43.6 journalctl Filters: -u, --since, --until, -p, -f
Right, so journalctl is your new best friend and your worst critic, all wrapped into one. It’s the primary tool for reading the structured, indexed journal that systemd creates, and if you’re just running it naked, you’re doing it wrong. You’ll be buried in a firehose of data, from the very first boot message to the kernel’s latest hiccup. The power, and the point, is in the filters. Let’s talk about the ones you’ll use every single day.
The Unit Filter: -u
This is the big one. You don’t care about all the logs, you care about the logs for the specific service you’re debugging. The -u or --unit flag is your precision scalpel.
journalctl -u nginx.service
This shows you everything the nginx unit has ever logged to stdout/stderr. Why is this so crucial? Because systemd neatly collects the output of every service it manages into the journal. This command cuts through the noise of every other service on the machine and shows you only the story of your service: when it started, when it stopped, any errors it spat out, and any custom messages it logged. It’s the first and last command you run when a service misbehaves.
You can also follow a unit’s logs in real-time, which is indispensable for watching a service start up.
journalctl -u my-weird-app.service -f
A quick tip: you don’t strictly need the .service part. journalctl -u nginx works just fine. systemd is smart enough to figure it out.
Time Travel: –since and –until
The journal is indexed by time, so filtering by it is incredibly fast and useful. The syntax is wonderfully flexible, accepting absolute times ("2024-01-01 00:00:00") or relative times ("yesterday", "1 hour ago"), which is frankly the way all CLI tools should work.
Need to see what happened in the last ten minutes across all services after you deployed a new config?
journalctl --since "10 minutes ago"
Trying to figure out what caused that alert at 2:14 AM last night? Combine time with your unit filter.
journalctl -u database.service --since "02:00" --until "02:30"
The designers get a rare, unreserved gold star here. The relative time parsing is robust and intuitive. Use it. Love it.
Priority Filter: -p
Not all log messages are created equal. A “debug” message is noise 99.9% of the time. An “emerg” message means you probably have a page waiting for you. The -p or --priority filter lets you see only messages of a specified priority level and higher. This is a lifesaver.
The levels are numeric (0-7) but you can use the names. To see only messages at the ERROR level and above (that’s err, crit, alert, emerg):
journalctl -p err -b
Why is it “and above”? Because if you’re looking for errors, you almost certainly also want to see the criticals and emergencies.
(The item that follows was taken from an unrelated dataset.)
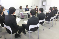 午前中は、“伝える”、“伝わる”コミュニケーションを集団の中で実践する「グループディスカッション対策」と「面接マナー」について学び、午後からはグループに分かれ、社会人、卒業生、4年次生が面接官となり本番に近い面接の実践練習を行いました。3年次生自身も面接官や観察者の立場になって面接を行うことで、視点を変えて「面接実践練習」を体験しました。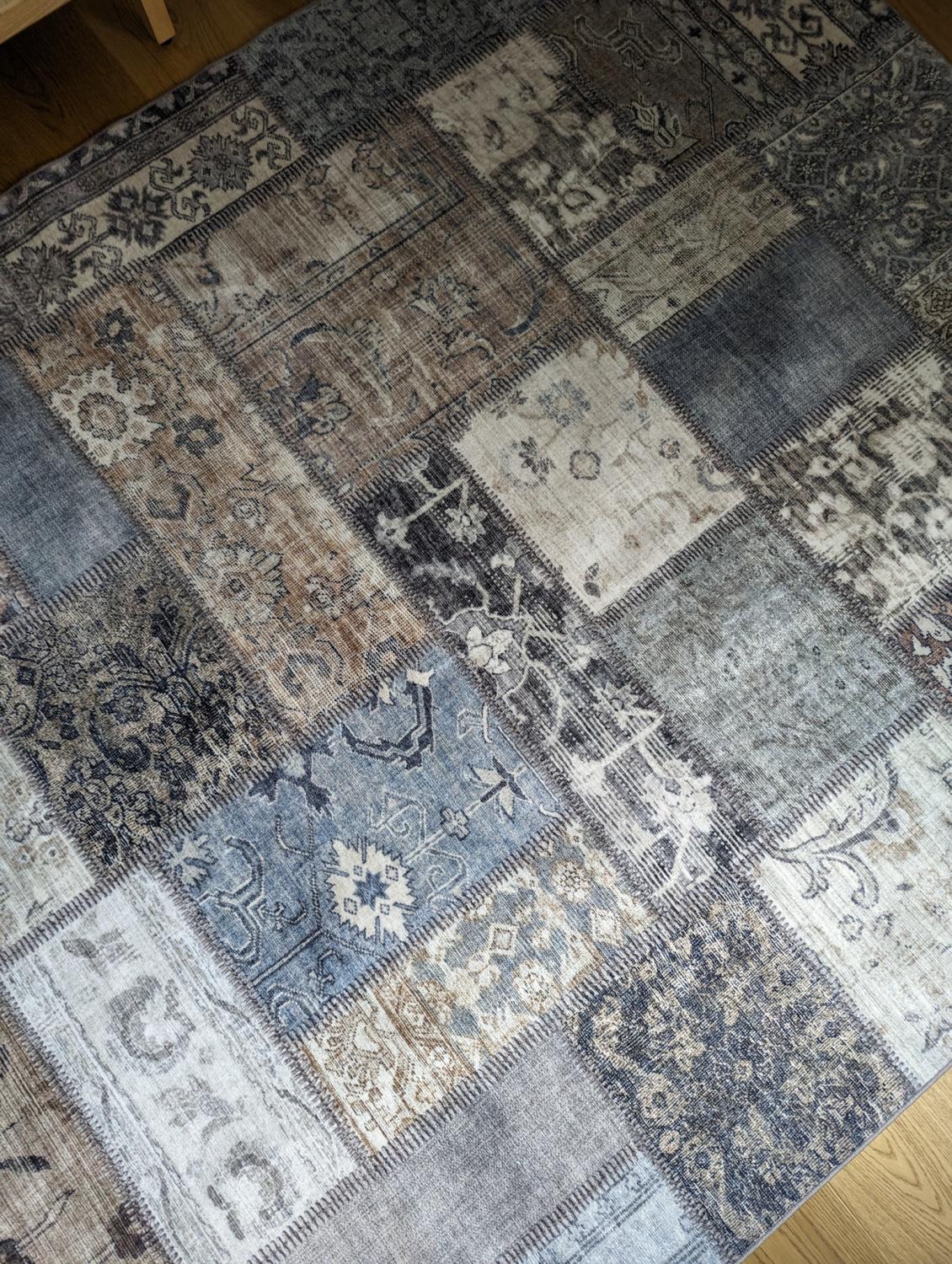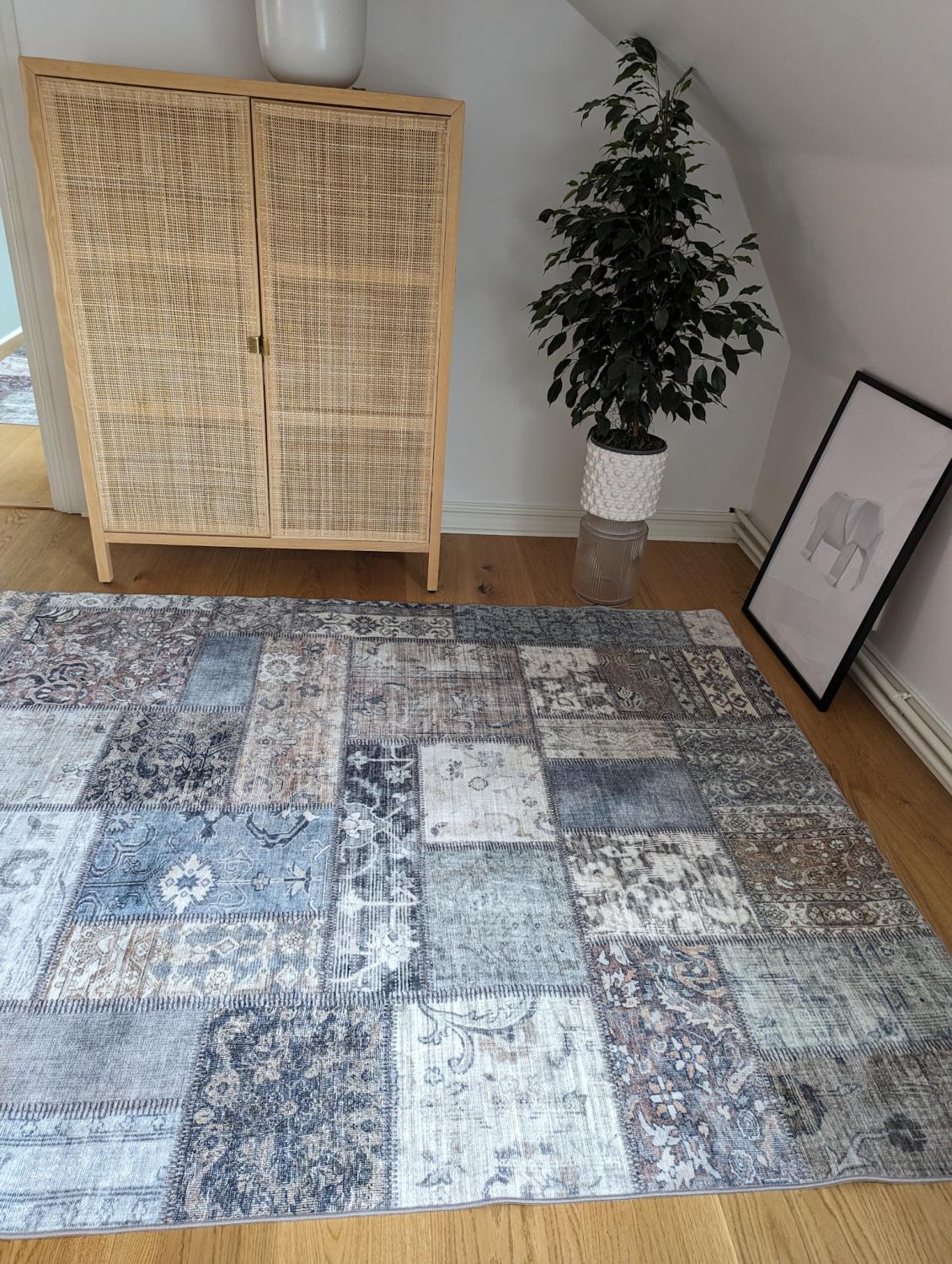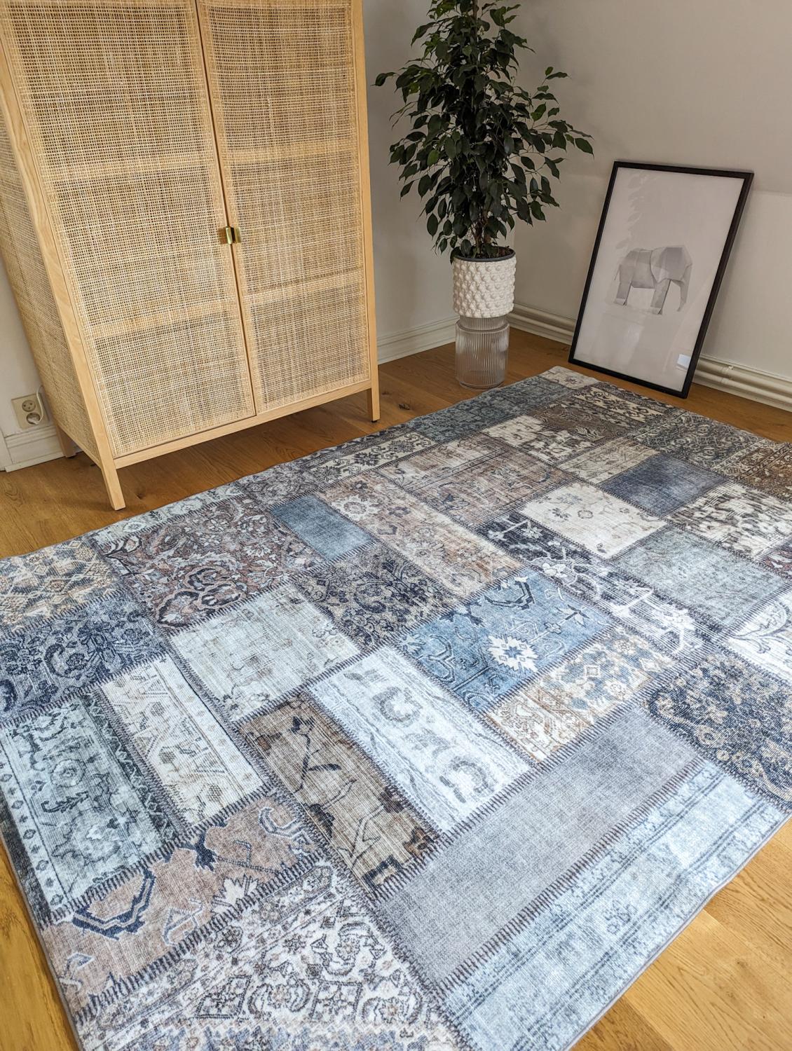 Vår matta Vittoria är en charmig och mångsidig inredningsdetalj med ett rutigt patchwork-mönster som ger en känsla av tradition och hemtrevnad. Varje fält i mönstret har olika färger och toner, vilket skapar en livlig och dynamisk visuell effekt. Rutorna och deras mönster går i flera färger såsom blått, grått, nougat och rött, alla snyggt sammanflätade med en elegant "söm".

It’s a logical hierarchy. The common pitfall is forgetting this inclusive nature and thinking -p err shows only err. Nope. It shows err and everything more severe.
Want to see only warnings and nothing else? You can’t do that directly with -p. You’d have to use a tool like grep afterwards, which is a bit of a design oversight, but we work with what we have.
The Follow Flag: -f
This one’s simple but so vital it deserves its own mention. -f or --follow is the tail -f of the journal. It shows you the last few lines and then follows the journal, outputting new messages as they come in. It’s the ultimate tool for watching a service start live or monitoring a deployment.
Always, always combine it with a unit filter unless you enjoy the sensation of your console blinking into insanity.
journalctl -u api-service -f
Putting It All Together: The Art of the Query
The real magic happens when you combine these. The journal is a database, and you’re constructing a query. You can build incredibly specific commands to answer precise questions.
“What were the error-level messages from the redis service between 9 AM and 10 AM today?”
journalctl -u redis -p err --since "09:00" --until "10:00"
“Show me the logs for the docker service from the previous boot, and follow any new ones.”
journalctl -u docker -b -1 -f
The key insight is that the journal is designed for this. These filters operate on indexed fields, so they’re lightning fast. Using grep on the full journal output is a clumsy, slow last resort. Use the built-in filters first. They’re your brilliant, witty, and direct way to cut to the chase.